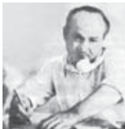
муратны жаргы» (малкыр тилде), «В дни войны и мира» (орус тилде) деген кытылары чыккандыла.

Инигр, Темукюланы Карина пинаниодо согул, Керимн сёзлөрине жазылган жырны айтып башлан-
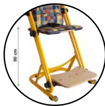
Assise à 90 cm 165 060
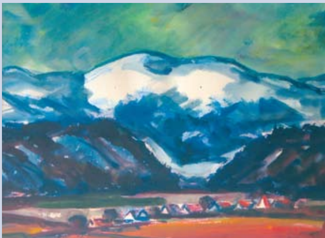
■ Pod Královou hořou 1, 1993, akvarel, 31 x 85
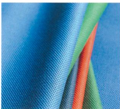
RGB-Weave; Foto: Gessner AG

trächtigen. Eine Anhebung der Lohnnebenkosten kann zurzeit kein Thema sein. Forderungen der Gewerkschaften, die zu einer Verteuerung der Arbeit führen, hätten fatale Auswirkungen nicht nur auf die Textil- und Bekleidungsindustrie, sondern auch auf den Werkplatz Schweiz insgesamt. Eine liberal gestaltete Schweizer Aussenwirtschaftspolitik und eine konsequente Erweiterung des Aussenhandelsnetzes, sind weitere Forderungen des Textilverbands Schweiz. Zudem sind der Ausbau einer funktionsfähigen EURO-MED-Zone und die Lancierung moderner Ursprungsregeln notwendig.
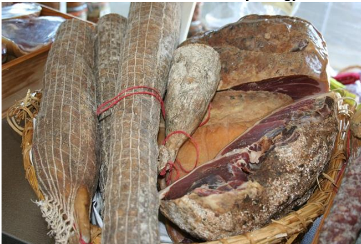
5. kép termelői csoport húsüzemében készült szárazáru a csoport által üzemeltetett boltban

A megyei agrárkamara 6,1 millió euróból gazdálkodik, 70 teljes munkaidős alkalmazottnak megfelelő állományt foglalkoztat. A gazdák 82%-ával közvetlen kapcsolatuk van, cél, hogy minél közelebb legyenek a terepen dolgozó termelőkhez – ennek alapvető eszköze a kamarai tanácsadói hálózat. A tanácsadók nem csak a napi munkához szükséges információkkal látják el a gazdákat, de ők végzik például a fiatal gazda-jelöltek pályakezdési projektjeinek előzetes értékelését is. Nagyon fontos szerepük van a termőföld-használati stratégiák kidolgozásában és megvalósításában, ezen belül is elsősorban a művelés alóli kivonások engedélyezésében. A hatóságok ugyanis az egyes kérelmek kapcsán kötelező jelleggel kikérik a kamara véleményét, és ha a kamara nemet mond, akkor a kérelmező biztos lehet abban, hogy semmilyen hatóság nem fogja megadni az engedélyt. A kamara társtulajdonos abban a cégben, amit azért hoztak létre, hogy a termelői termékek közvetlen értékesítését elősegítse a közintézményi kantonok felé, illetve ezen keresztül ösztönözze a helyi termékek földolgozását nagy hozzáadott-értéket képviselő termékekké. A kamarának köszönhetően az informatika a környezetvédelemben és a tápanyag-gazdálkodás optimalizálásában is fontos szerepet játszik, már mobiltelefonon is működik a szerveztrágya-kijuttatással kapcsolatos program, ami a talaj N-tartalmának és a klimatikus viszonyok figyelembe vételével jelzi ennek ajánlott időpontját.
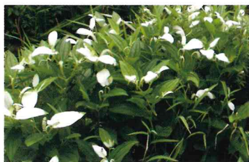
ハンゲショウ (ドクダミ科)

洗足池も小池公園も公園としての整備がされているため、四季を通じて花を楽しむことができる。春、ソメイヨシノの開花でにぎわったあとも、シランの赤紫色（4～5月）、スイレンのピンク（5～8月）、ツブキの黄色（10～12月）など色とりどりの花を楽しむことができる。
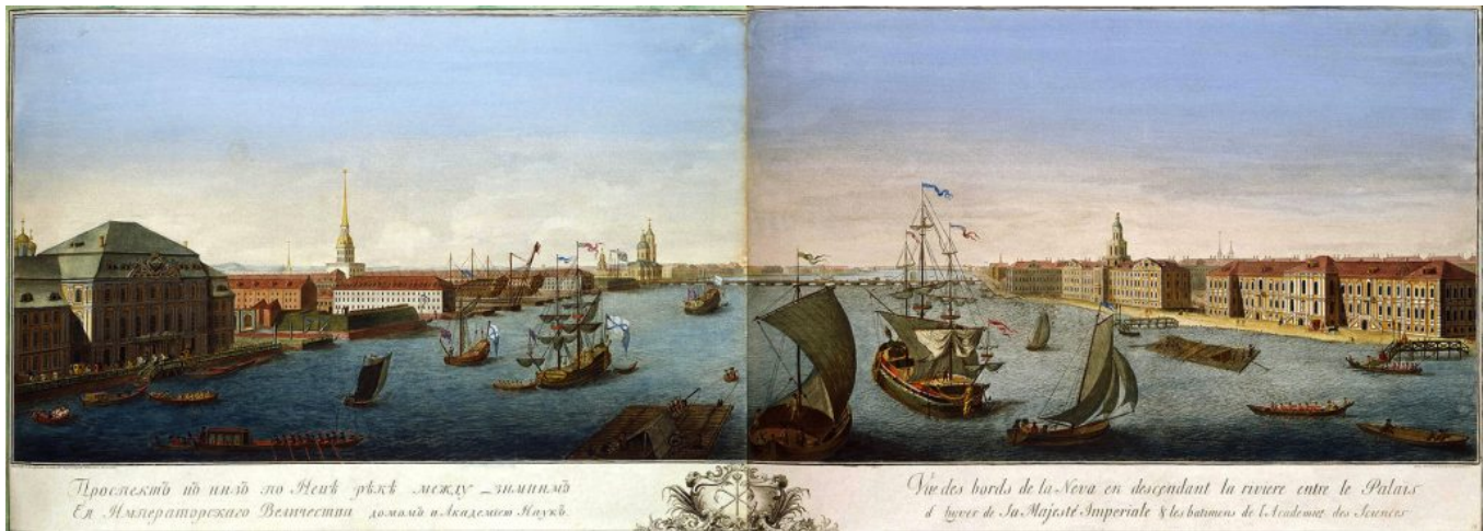
Grawiura: St. Petersburg i Newa 1753. Valeriani Joseph i Machaew Michaił Iwanowicz, fot. wikipedia

W 1583 roku Szwedzi ponownie próbowali zawładnąć ujściem rzeki Newy i wznieść nową fortecę, lecz bezskutecznie. Rosjanie trzymali w rękach tę miejscowość aż do nastąpienia tzw. „smutnego wremienia”, kiedy to Szwedom udało się założyć w ujściu rzeki Ohta miasto Nien, a na przeciwległym brzegu – twierdzę Nienszanc. 1 maja 1703 roku Rosjanie opanowali tę twierdzę, a 6 maja Piotr I odniósł zwycięstwo nad Szwedami koło obecnego Jekatierinhofa, biorąc jako trofea dwa wojskowe statki. To było pierwsze morskie zwycięstwo Rosjan. Piotr I kazał upamiętnić to wydarzenie medalem z napisem „niebywajemoje bywajet” i był tak pewien tego, że jest niezwyciężony, że 29 czerwca nad brzegiem Newy założył miasto, które nazwał Sankt-Petersburgiem. Będąc wielkim reformatorem postanowił połączyć w tym mieście Rosję z Europą, Wschód z Zachodem, Europę z Azją. Niestety sojusz ten nie dał oczekiwanych rezultatów, oprócz rozwoju cywilizacji, który ujawnił się tylko i wyłącznie w zewnętrznych stronach życia i w przeobrażeniu Rosji w „śpiącą piękność”. Pozostał bardzo duży kontrast
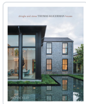
SHINGLE AND STONE. THOMAS KLIGERMAN HOUSES KLIGERMAN, THOMAS
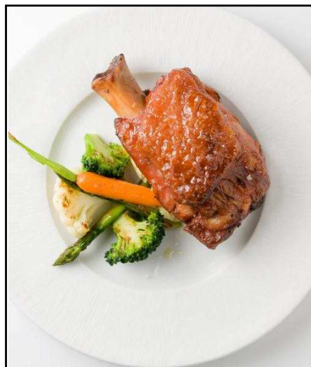
CODILLO ALEMAN ½ ASADO 500G REF. 2210 UXC: 6 UdM: P
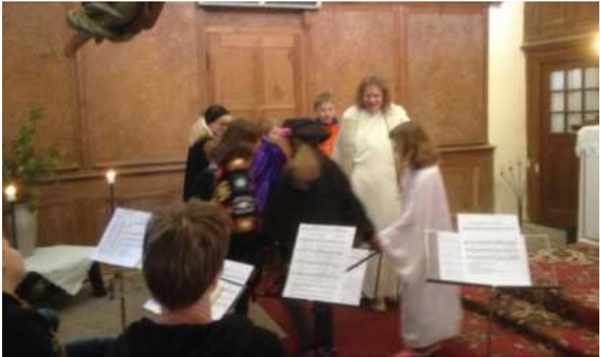
Ein Osterspiel in Ivenrode
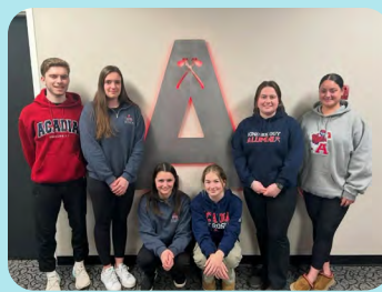
Section étudiante de l'Université Acadia
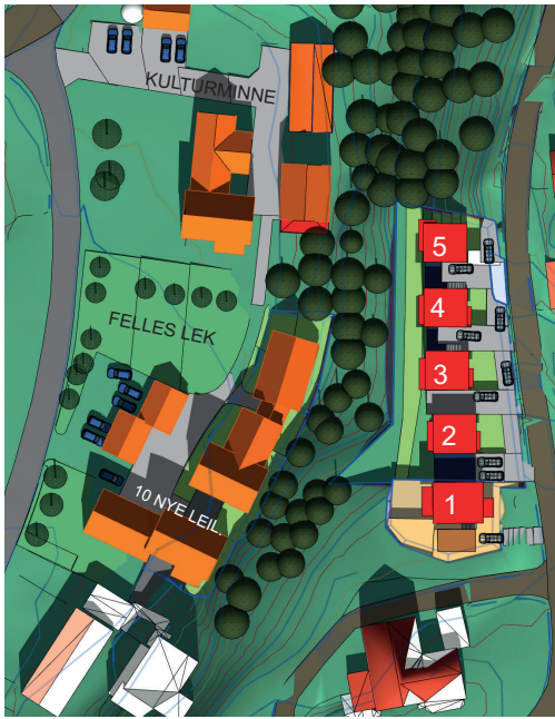
1. Aug kl.12
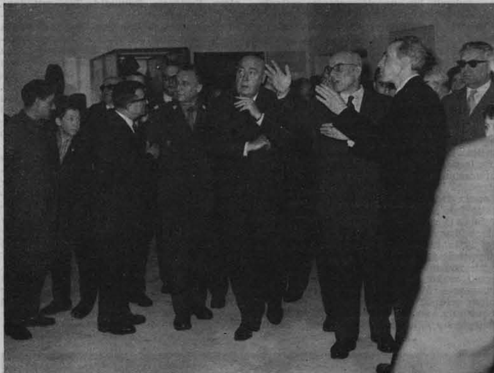
Muzeum X Pawilonu Cytadeli Warszawskiej. Otwarcie X Pawilonu w setną rocznicę Powstania Styczniowego — 22 stycznia 1963 roku
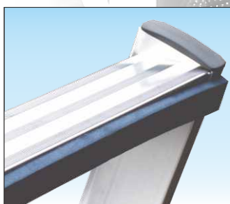
Appoggio su superfici pregiate

Con nervature di rinforzo in alluminio anti-ruggine saldate contro gli urti laterali e dotata di piedini ad innesto che evitano il distacco accidentale
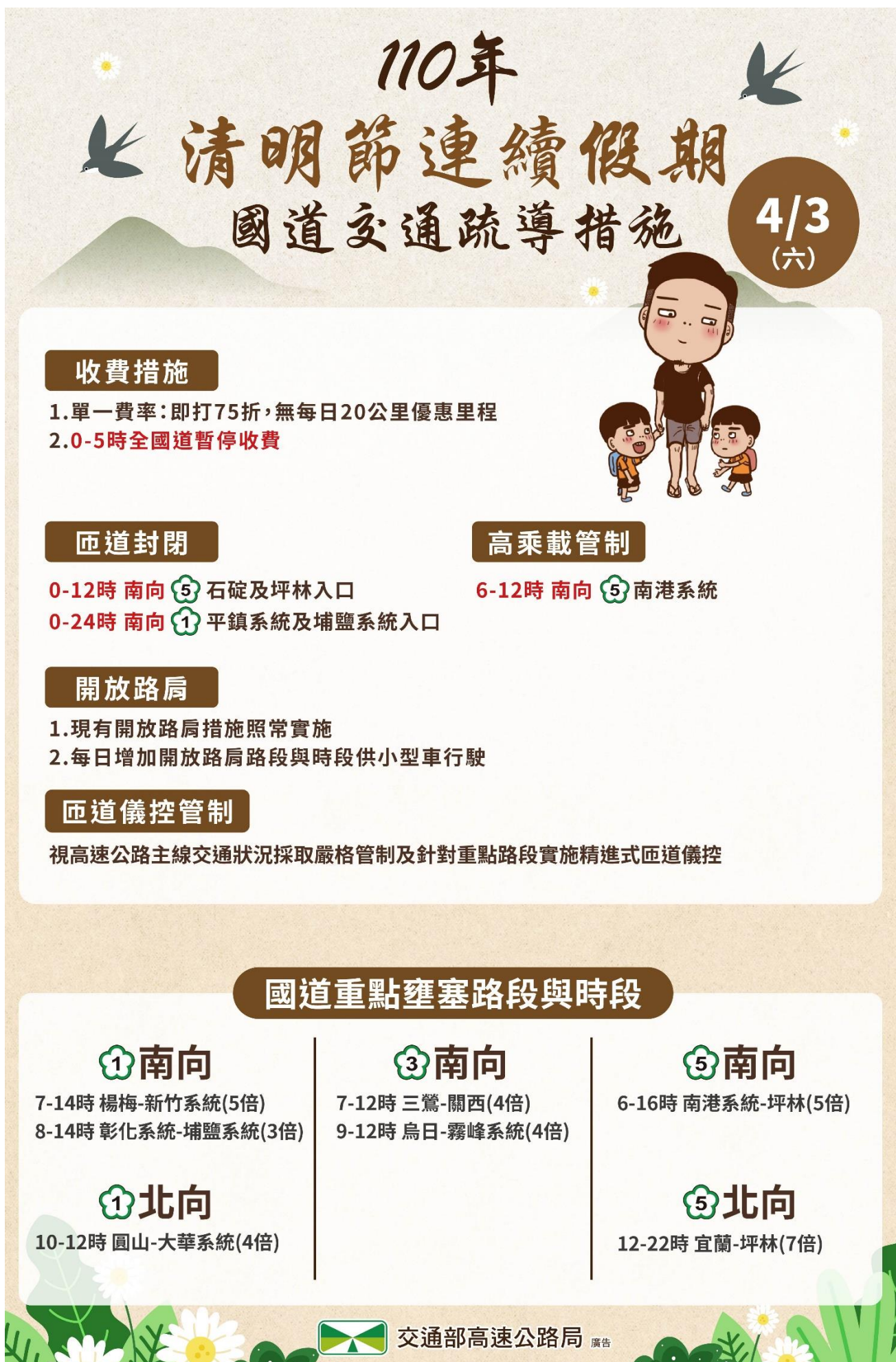
附圖 5：110 年清明連假第 2 日國道疏導措施

## REQUIRED ACTION
Restate word for word only the lines from where the entries begin through the one with "5. kép termelői"; omit the pictures.

## ANSWER
муратны жаргы» (малкыр тилде), «В дни войны и мира» (орус тилде) деген кытылары чыккандыла.

Инигр, Темукюланы Карина пинаниодо согул, Керимн сёзлөрине жазылган жырны айтып башлан-
Assise à 90 cm 165 060
■ Pod Královou hořou 1, 1993, akvarel, 31 x 85
RGB-Weave; Foto: Gessner AG

trächtigen. Eine Anhebung der Lohnnebenkosten kann zurzeit kein Thema sein. Forderungen der Gewerkschaften, die zu einer Verteuerung der Arbeit führen, hätten fatale Auswirkungen nicht nur auf die Textil- und Bekleidungsindustrie, sondern auch auf den Werkplatz Schweiz insgesamt. Eine liberal gestaltete Schweizer Aussenwirtschaftspolitik und eine konsequente Erweiterung des Aussenhandelsnetzes, sind weitere Forderungen des Textilverbands Schweiz. Zudem sind der Ausbau einer funktionsfähigen EURO-MED-Zone und die Lancierung moderner Ursprungsregeln notwendig.
5. kép termelői csoport húsüzemében készült szárazáru a csoport által üzemeltetett boltban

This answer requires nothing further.